XR rightly said: “Despite the blaring alarm on the climate and ecological emergency ringing loud and clear, very little has changed. Emissions continue to rise and our planet is dying at an accelerated rate.”

But in a shift that many have interpreted as an admission that direct action does not work, the statement added: “XR is committed to including everyone in this work and leaving no one behind, because everyone has a role to play. This year, we prioritise attendance over arrest and relationships over roadblocks, as we stand together and become impossible to ignore.”

Meanwhile XR in Australia has pledged to continue disruptive direction action, with groups in SA and Victoria focusing on the Tour Down Under bike race, which is sponsored by fossil fuel corporation Santos.

Effective

But do we need to choose between direct action and mass mobilisations? Socialists support both mass mobilisations and direct action to achieve change. And often the most effective movements combine both.

We also argue that movements of resistance will be strongest if they involve organised workers, who have the power to stop the capitalist system that puts profits before people and planet.

When wharfies employed by stevedoring company Patrick were locked out of work in 1998, thousands poured on to picket lines to defend them and their union, the Maritime Union of Australia. Some workers walked off the job to join the protests.

When the Liberal government in Victoria threatened to break the picket with police violence and water cannons, thousands stood firm, forcing the police to surrender.

People often fear that direct action and disruption will isolate activists and lose the “middle ground”. But defiance on the picket lines ensured that the struggle was in the news and allowed the MUA to get its argument out to millions. MUA members marched back to work, their union intact.

On 11 September 2000, activists up and down the country converged on Melbourne to protest against top corporate bosses at a World Economic Forum conference.

While some sections of the movement kept their distance, worried that militancy would lose public support, protest organisers called for direct action and mass mobilisation, telling the media that 10,000 people would surround the event at the Crown Casino building and shut it down—which is what happened.

Hundreds of bosses failed to get into the event on the first day. On the second, thousands of striking workers marched to Crown to join what became known as the S11 blockade.

The media interviewed protest organisers and the anti-capitalist message was heard and supported widely.

In November 2018, 200 teachers from more than 50 schools across Victoria and 150 teachers from 20 schools in Brisbane walked out to demand the government bring all children and adult refugees off Nauru and Manus.

The strike built on the momentum generated by mass protests across the country. Teachers wore pro-refugee T-shirts at school, often defying their principals or state governments. This in turn inspired similar actions by nurses, librarians, health workers and university staff.

The Morrison government buckled, bringing refugee children and their parents to Australia from Nauru.

Serious attempt

What all these examples had in common was direct action on a large scale, involving hundreds or thousands of people. They were also part of serious attempts to mobilise thousands more in less confrontational protests, and helped workers gain the confidence from a growing movement to move into action.

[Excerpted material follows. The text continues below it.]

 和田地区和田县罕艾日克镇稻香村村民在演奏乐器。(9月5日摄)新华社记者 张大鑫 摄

To rebuild a mass climate movement that can win demands like no new coal, oil or gas, 100 per cent public renewables and guaranteed good jobs for fossil fuel workers, we need to combine all those elements.

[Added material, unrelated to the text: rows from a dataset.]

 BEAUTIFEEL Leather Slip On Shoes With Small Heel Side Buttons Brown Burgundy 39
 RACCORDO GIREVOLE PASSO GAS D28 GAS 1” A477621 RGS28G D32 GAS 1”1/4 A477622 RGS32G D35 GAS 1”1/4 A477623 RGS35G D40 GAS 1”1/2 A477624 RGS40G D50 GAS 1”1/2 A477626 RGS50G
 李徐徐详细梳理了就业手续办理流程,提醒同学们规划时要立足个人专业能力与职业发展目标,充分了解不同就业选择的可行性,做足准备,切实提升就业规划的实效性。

The campaign to stop Santos extracting coal-seam gas in the Pilliga is uniting Indigenous people, environmentalists and unionists around protests, rallies and potential union bans.

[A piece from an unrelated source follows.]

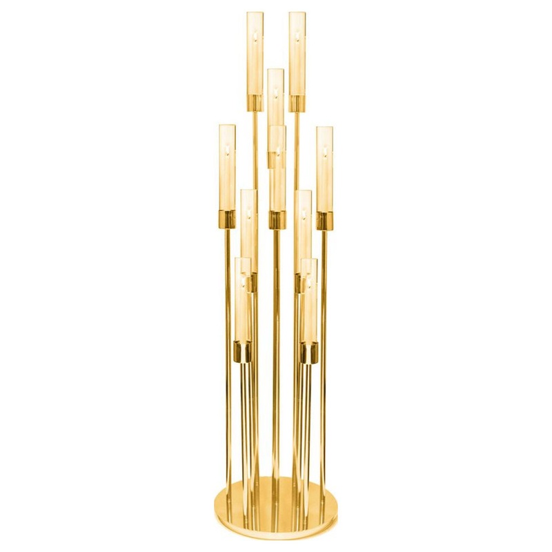 -Floor standing multi-stem candle holder -Made of metal -10 Stems Display: Height = 66" | Diameter = 16.5" -8 Stems Display: Height = 58" | Diameter = 14"Give your home a boost of luxury with our grand candle stand. Display candles in our beautiful gold or
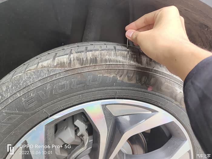 检查有没有异物,就怕一些钉子本来没扎进去,走着走着扎进去了,顺便剔除胎缝小石子

This month, Solidarity and XR members and other community activists joined the bus drivers’ picket line in Adelaide, showing the kind of unity that will be needed to win a massive expansion of public transport.

Rebuilding a large and militant climate movement can pose a challenge to the government, just as it did in 2019. That would give confidence that those at the top can be beaten.

The excitement, militancy and tactics of the climate movement could be brought into workers’ struggles. And, in return, the strength of such action can be a demonstration of where our power in society—and our potential to change it—lies.